Avec sa réputation de «groupe préféré de votre groupe préféré», Sparks se définit par sa capacité à toujours être hors de toute convention normative en même temps qu’il est l’un des architectes de la musique de demain, le tout avec un rythme de travail vertigineux qui les a vus enregistrer pas moins de vingt-six albums dans leur carrière, sans qu’aucun ne se ressemble. Pour Giorgio Moroder, qui a produit leur album No. 1 in Heaven, Sparks pourrait incarner «le son du futur une seconde fois».
«Pour comprendre Sparks…»
«Pour comprendre Sparks, il faut les aborder sous l’angle du cinéma», affirme, dans un récent documentaire – encore inédit au Luxembourg –, Alex Kapranos, leader du groupe Franz Ferdinand qui a enregistré en 2015 un album commun avec Sparks, FFS. Depuis leurs débuts, les frères Mael ont apporté à leur art une touche cinématographique, dans leurs paroles – Ron compose, Russell écrit – et dans l’importance du clip comme prolongement de leur univers musical.
Avant l’avènement de MTV, avant les courts métrages musicaux de Michael Jackson et avant même Bohemian Rhapsody de Queen, Sparks a réalisé des clips stupéfiants, dont, en 1973, celui de leur titre phare, This Town Ain’t Big Enough for Both of Us. Depuis, au fil de leurs albums, leurs vidéos ont imité les bandes-annonces sensationnelles des films des années 1950 (When Do I Get to Sing My Way), fait appel aux techniques de «stop motion» (Édith Piaf (Said It Better Than Me)) ou de l’animation traditionnelle (One for the Ages)…
L’image a toujours été une façon pour les frères Mael de se mettre en scène, eux qui cultivent depuis leurs débuts une apparence qui détonne. Russell, avec sa voix haut perchée, joue la parodie du «chanteur à minettes», d’abord coiffé de cheveux longs et bouclés, comme Roger Daltrey (The Who) ou Marc Bolan (T-Rex), tandis que Ron se définissait surtout par sa moustache à la Chaplin, entretenant évidemment l’ambiguïté avec celle d’Adolf Hitler.

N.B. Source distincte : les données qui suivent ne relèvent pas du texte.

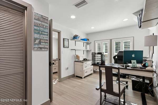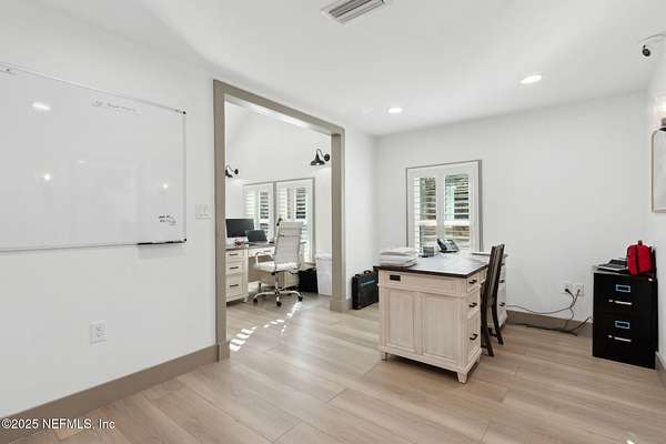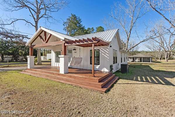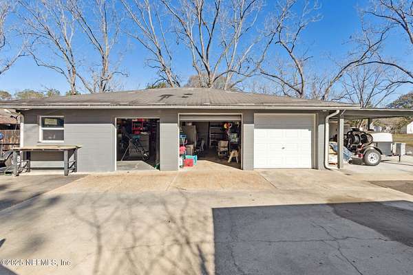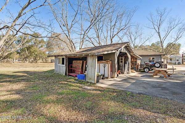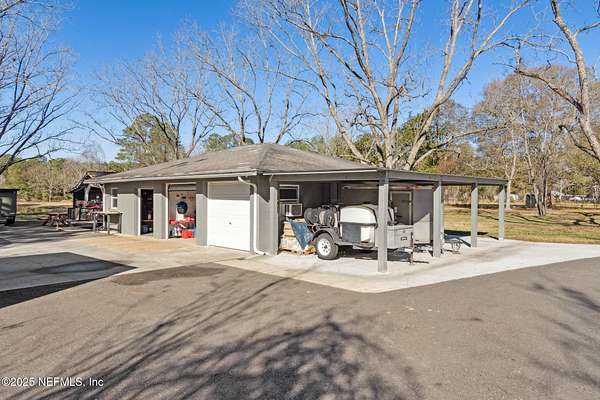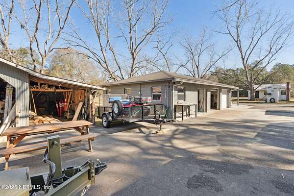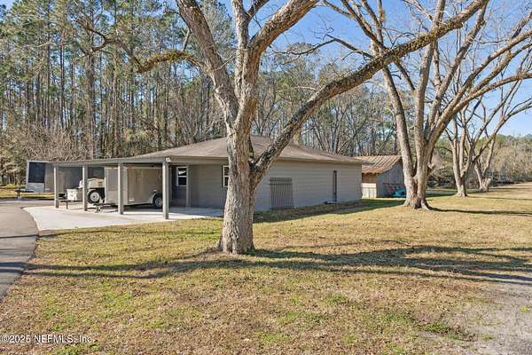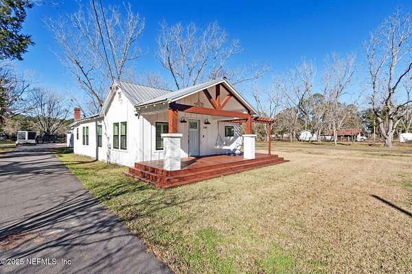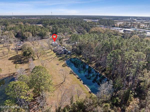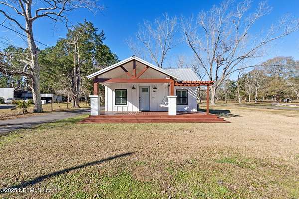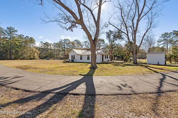 Discover this stunning property on 2.96 Acres! Completely remodeled dwelling featuring vaulted ceilings, plantation shutters, fresh paint, updated 1/2 bath, and stylish new flooring throughout. This versatile space is ideal for anyone owning a business with its generous layout, or easily transform it into an adorable cozy family home. The property boasts a 3+ car garage with its own convenient half bath, a carport, a barn/shed, and an additional shed for all your storage needs. With two separate septic systems and a residential/agricultural zoning, the possibilities are endless! Enjoy the tranquility of a large pond right in your own backyard great for fishing and irrigation plus multiple producing pecan trees. Don't miss this incredible opportunity! Could be a fantastic place for agricultural business base. Landscaping, Nursery, build a Barndominium and have your office on the same land. Fantastic location right off of I-10.

«Réveiller l’enthousiasme»
Un décalage hilarant qui se trouve aussi dans les paroles de leurs 300 chansons, de Girl from Germany – l’histoire d’un jeune homme juif qui présente sa copine allemande à ses parents, précisant que «c’est le même pays mais les gens ont changé» – à Pretending to Be Drunk, en passant par Tips for Teens – qui promet de donner des conseils aux adolescents, de ceux qu’on «ne trouve pas dans les magazines» – et I Married Myself. Mais qui renferme toujours un sous-texte glaçant, qui atteint des sommets de noirceur dans Annette.
Le nouveau film – et première comédie musicale – de Leos Carax, l’un des cinéastes contemporains les plus précieux, trouve ses racines il y a huit ans, après l’immense Holy Motors (2012), œuvre-somme autour de la vie et de l’art d’un auteur aussi rare – Annette est son sixième long métrage en près de quarante ans – que ses films sont copieux.
En 2013, donc, Ron et Russell Mael rencontrent Carax à Cannes, là où se font et se défont les réputations : un argument de taille, puisque trois ans plus tard, l’affaire Weinstein, qui trouve un écho dans le film, allait secouer le petit monde du cinéma. Mais pour les frères Sparks, c’est une rencontre qui réveille les fantômes de deux projets avortés, l’un à l’aube des années 1980 avec Jacques Tati, et un autre, une décennie plus tard, avec Tim Burton.
Annette, pourtant, sera bel et bien le premier film «des» Sparks : «Le cinéma a réveillé notre enthousiasme pour Sparks et réciproquement», confiait en juillet Russell Mael au magazine français Cinemateaser. Le cinéma français plus encore, puisque les plus Britanniques des Californiens portent dans leur ADN l’amour du cinéma européen : fascinés par les films de la Nouvelle Vague, ils ont également écrit et composé une pièce pour la radio suédoise autour d’Ingmar Bergman (The Seduction of Ingmar Bergman, 2009).
«Attitude arrogante»
Avec Annette, ils citent aussi bien Jacques Demy que l’opéra rock Tommy (1975), écrit par The Who et réalisé par le Britannique Ken Russell, et y insèrent leur fascination pour les marionnettes, qui apparaissaient en 1980 dans le clip de When I’m with You ou, quatre ans plus tard, sur la pochette de l’album Pulling Rabbits Out of a Hat.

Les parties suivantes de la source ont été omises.